## GIVEN DATA
■ ■ ■ ■
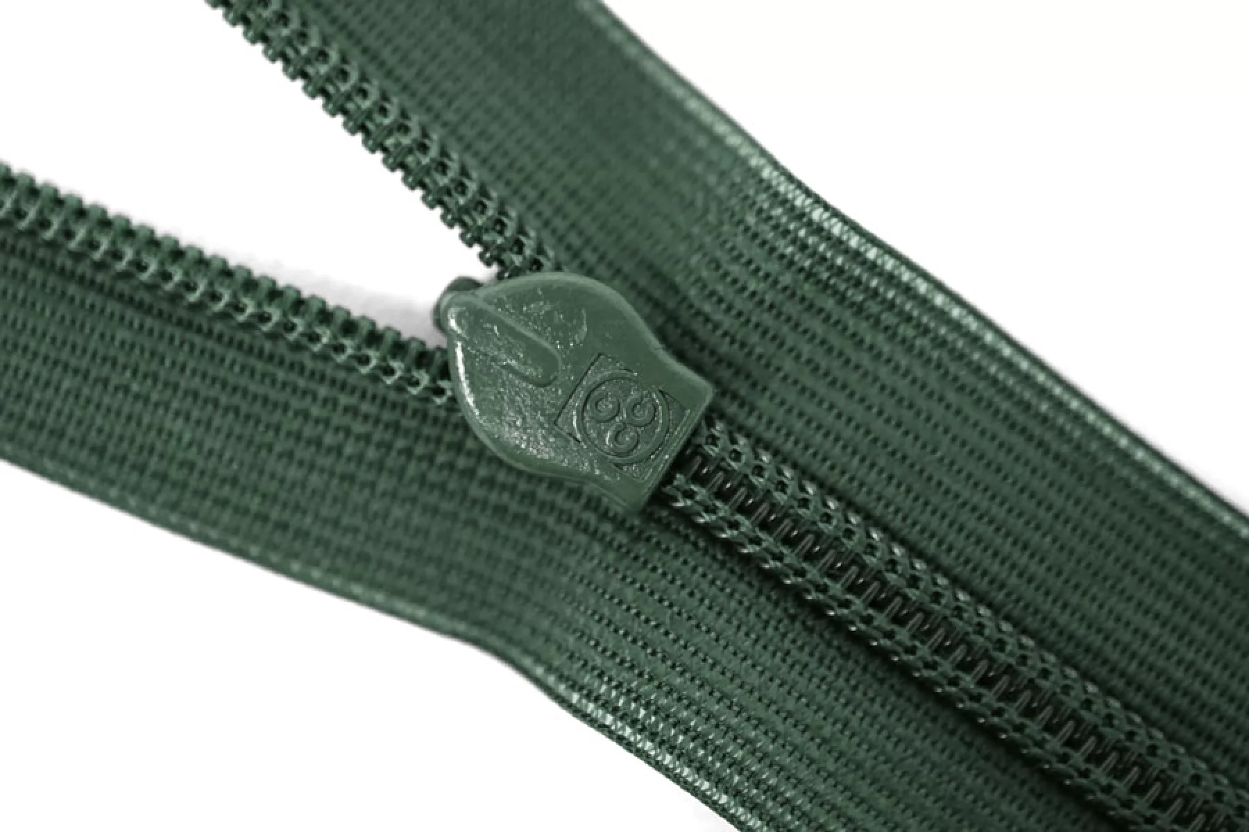 Потайная молния темно-зеленого цвета, длина 18 см. Слайдер и пуллер - метал. в цвет молнии. Ширина молнии 2.2 см , ширина зубцов 4мм.
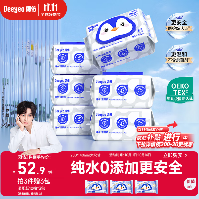 德佑EDI纯水湿厕纸80抽*6包 洁厕湿纸巾厕纸 孕婴皆可用 安全无刺激
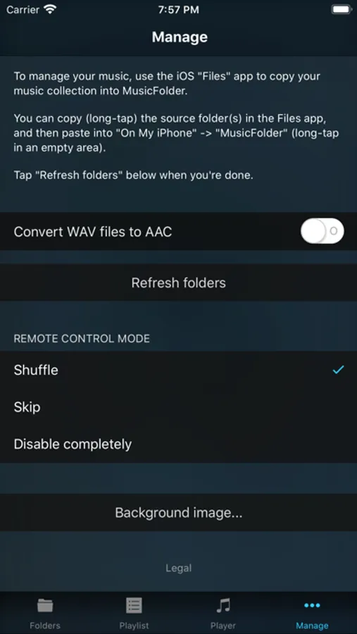 IMPORTANT: You cannot use MusicFolder to play music from the regular "Music" app. Instead, you use the iPhone's "Files" app to copy your folder-based music library from your computer (or anywhere else) into MusicFolder.
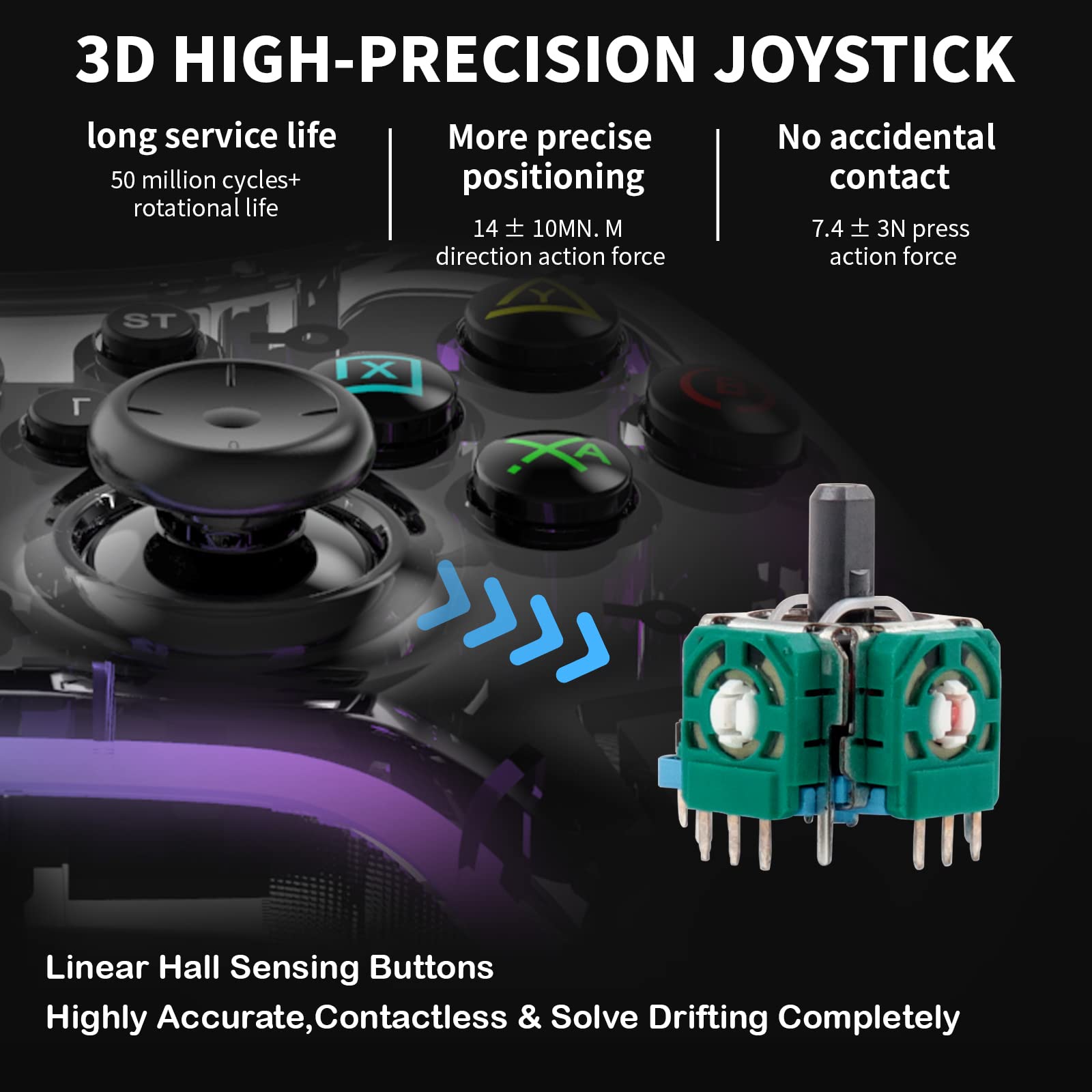 "Experience a revolutionary gaming experience with our wireless controller. Our advanced ALPS joysticks and Hall sensor buttons offer unparalleled performance with a lifespan of 50 million clicks and no dead zones or drift. The ergonomic design includes sweat-resistant and comfortable grips, perfect for longer gaming sessions.",
■ ■ ■ ■
## WHAT YOU WILL DO
From the line containing "德佑EDI纯水湿厕纸80抽*6包 洁厕湿纸巾厕纸 孕婴皆可用 安全无刺激" down to the final line of the listing above, write out only those lines exactly as they are, minus the pictures.

## SOLUTION FOR THIS TASK
 德佑EDI纯水湿厕纸80抽*6包 洁厕湿纸巾厕纸 孕婴皆可用 安全无刺激
 IMPORTANT: You cannot use MusicFolder to play music from the regular "Music" app. Instead, you use the iPhone's "Files" app to copy your folder-based music library from your computer (or anywhere else) into MusicFolder.
 "Experience a revolutionary gaming experience with our wireless controller. Our advanced ALPS joysticks and Hall sensor buttons offer unparalleled performance with a lifespan of 50 million clicks and no dead zones or drift. The ergonomic design includes sweat-resistant and comfortable grips, perfect for longer gaming sessions.",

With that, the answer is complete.